ДИ. Как представляется, работы Пригова не так просто показывать за рубежом, поскольку многие из них текстовые, в частности, проект «Граждане». Кроме того, предполагается знание контекста.

Дмитрий Озерков. Конечно, когда имеешь дело с текстами, да еще таких многосложными — ведь сегодня по Пригову европейские слависты изучают русский язык, — сталкиваешься с определенными сложностями. Без адекватного перевода текст всегда проигрывает. Поэтому мы постарались, чтобы зритель, не знающий русского языка, ничего не упустил. В этом нам помог Алессандро Ньеро — знаток и переводчик русской поэзии. Выдержки из проекта «Граждане», который вы упомянули, мы перевели на итальянский и раздавали на выставке в виде стикеров, так что вся Венеция оказалась обклеена знаменитыми приговскими обращениями. Естественно, когда художник находится в своей среде, он обращается к своим гражданам на языке текстов и образов, понятных им. Но темы страха, давления толпы, ощущения пустоты, ужас смерти, то есть то, чего касался в своем творчестве Дмитрий Александрович, интернациональны. Пригов — ярчайший представитель московского концептуализма, но как целостное художественное явление он гораздо шире, как это теперь очевидно.

ДИ .Вы руководитель проекта «Эрмитаж 20/21», который стартовал в 2007 году. В его задачи входит формирование коллекции современного искусства, проведение образовательных мероприятий и временных выставок. Эти выставки часто вызывают неоднозначную реакцию из-за сложности экспонирования современного искусства в старых интерьерах.
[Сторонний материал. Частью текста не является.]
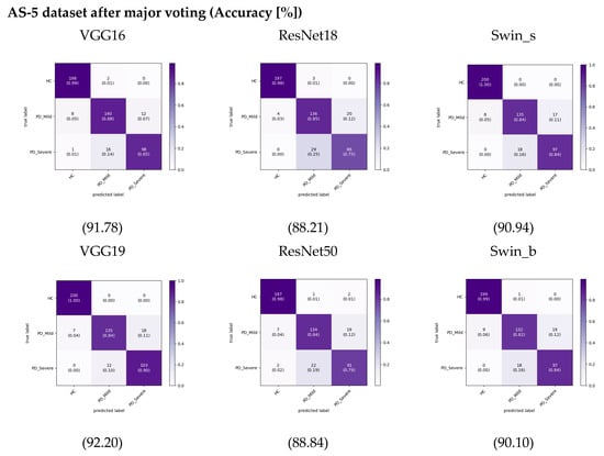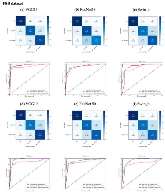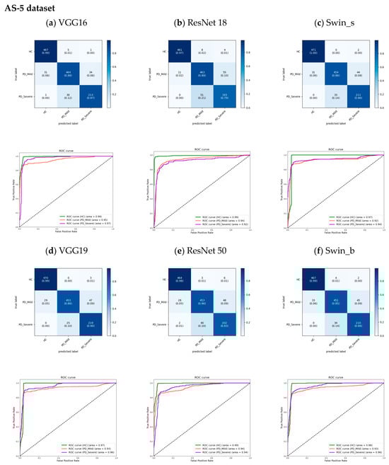 Figure 9), demonstrating strong identification of healthy subjects. For PD classes, VGG16 achieved slightly higher AUCs compared to other models. Furthermore, the analysis revealed an increase in the AUC from the FS to the AS dataset, particularly for the PD_Mild class, with a 4% improvement. This suggests that the models exhibited slightly better discrimination capabilities when utilizing the full-segment dataset. Furthermore, the transformer-based models exhibited higher AUC values when trained on the larger AS-5 dataset, suggesting that these models benefited from the increased data availability for improved classification performance.

Дмитрий Озерков. В мировой практике такое сочетание теперь отнюдь не редкость. Впрочем, Эрмитаж был, пожалуй, первым большим музеем, который решился в 2007 году представить в своих залах проект «Америка сегодня». Им и стартовала программа «Эрмитаж 20/21». Старые интерьеры имеют историю и создают удивительный контекст, который влияет на произведения, которые в нем оказываются, обогащает их новыми смыслами. В этом году в рамках проекта «Эрмитаж 20/21» только что завершилась выставка Генри Мура — скульптура и графика. Скульптурная часть выставки разместилась во дворе, продолжив проект больших скульптур в Большом дворе, который Эрмитаж открыл скульптурами Луизы Буржуа. В прошлом году здесь стояло «Небесное зеркало» Аниша Капура, теперь Мур. Что касается графики Мура, то для выставки мы отобрали рисунки, которые он делал в лондонском метро во время блицкрига — зарисовки людей, прячущихся от бомбежек. Наш выбор не случаен. Все дело в том, что в коллекции Эрмитажа есть серия рисунков замечательного архитектора-конструктивиста Александра Никольского с аналогичным сюжетом – люди, прячущиеся во время бомбардировок в подвалах Эрмитажа. Мы повесили рисунки Никольского рядом с залами Мура и приурочили экспозицию к семидесятилетию трагической даты начала войны. Вторая выставка — «Жизнь фотографа» Анни Лейбовиц — разместилась в мемориальных комнатах, где умер Александр II. Работы были отобраны специально для Эрмитажа. Особенно пронзительна «личная» серия: быт, радости, болезни, пожилые родители, похороны близких и друзей; братья, сестры, сама Анни Лейбовиц, ее маленькие дочери и великая Сьюзен Зонтаг, умершая в 2005 году. В контексте мемориальных эрмитажных залов прочитываются новые смыслы выставки. Осенью мы открыли выставку Энтони Гормли. Из двух залов античности с постоянной экспозицией вынесли все скульптуры, что для Эрмитажа до сих пор было немыслимо, расставили их по-другому. А рядом встали скульптуры Гормли, специально отлитые для выставки. Все скульптуры спустились с постаментов, и все — античные статуи, отливки Гормли, зрители, смотрители, музейная охрана — оказались в одном демократичном пространстве.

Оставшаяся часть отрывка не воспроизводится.